Campus News

Grant supports creation of civil rights movement digital archives

Graham
Toby Graham

Creation of a comprehensive digital library on the civil rights movement is the goal of a new cooperative initiative, which will receive support from a federal grant awarded to the university.

“The struggle for racial equality in the 1950s and 1960s is among the most far-reaching social movements in the nation’s history, and it represents a crucial step in the evolution of American democracy,” says P. Toby Graham, director of the Digital Library of Georgia at UGA’s Libraries which, along with six partners, will create the online resource. “Our purpose is to enhance understanding of the civil rights movement through a digital video archive of historical news film. We also will create learning tools to help users understand the historical context of the video segments and a Web portal to connect learners to civil rights resources on a national scale.”

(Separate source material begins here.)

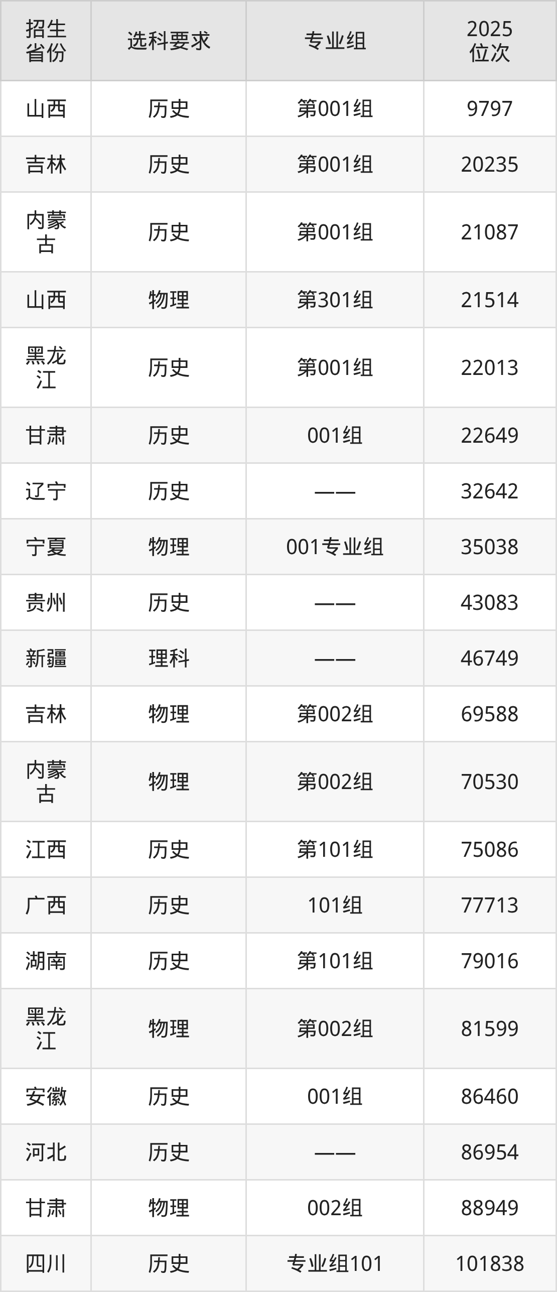 辽宁医药职业学院2025年在全国各省的位次差异较大,最高位次是9797位(山西历史类)、最低位次是256432位(四川物理类)。各省具体位次请看下图:

The Institute of Museum and Library Services announced recently that it will provide $761,427 in federal support for the civil rights initiative over two years through a National Leadership Grant for Libraries.

“The Civil Rights Digital Library represents the most ambitious and comprehensive effort to date to deliver educational content on the civil rights movement via the Web,” says William Gray Potter, university librarian and associate provost at UGA. “News film from our WSB and WALB collections will allow students to witness key events of the civil rights movement. By collecting collateral information on a national scale, we will create a virtual library on the movement.”

Graham said a cross-disciplinary approach will contribute to the instructional and research value of the online resource by involving digital library and information technology professionals, archivists, humanities scholars, academic publishers, and public broadcasters.

Partners include the Digital Library of Georgia and Walter J. Brown Media Archives and Peabody Awards Collection at the UGA Libraries; UGA Franklin College of Arts and Sciences; Georgia Humanities Council and the UGA Press, both through the New Georgia Encyclopedia; Georgia Public Broadcasting; and GALILEO, the state’s virtual library administered by the board of regents.

English professors Barbara ­McCaskill and Tim Powell will co-­direct the “learning objects” component, which will deliver secondary Web-based resources-such as multimedia productions, interactive timelines and maps, lesson plans and activities-to facilitate the use of the news film content in the learning process.

“This is an outstanding opportunity for the UGA Libraries to showcase its unique audio visual holdings and for UGA to solidify its position as a national leader in digital technology as well as research in ethnic American studies and the civil rights movement,” McCaskill says. “We are eager to begin creating interactive teaching tools that will offer historical and cultural contexts, facilitate critical discussions, and appeal to different methods of learning. The university’s collaboration in this ­initiative is the very kind of cross-­disciplinary partnership we are training our own graduate students to pursue during their careers.”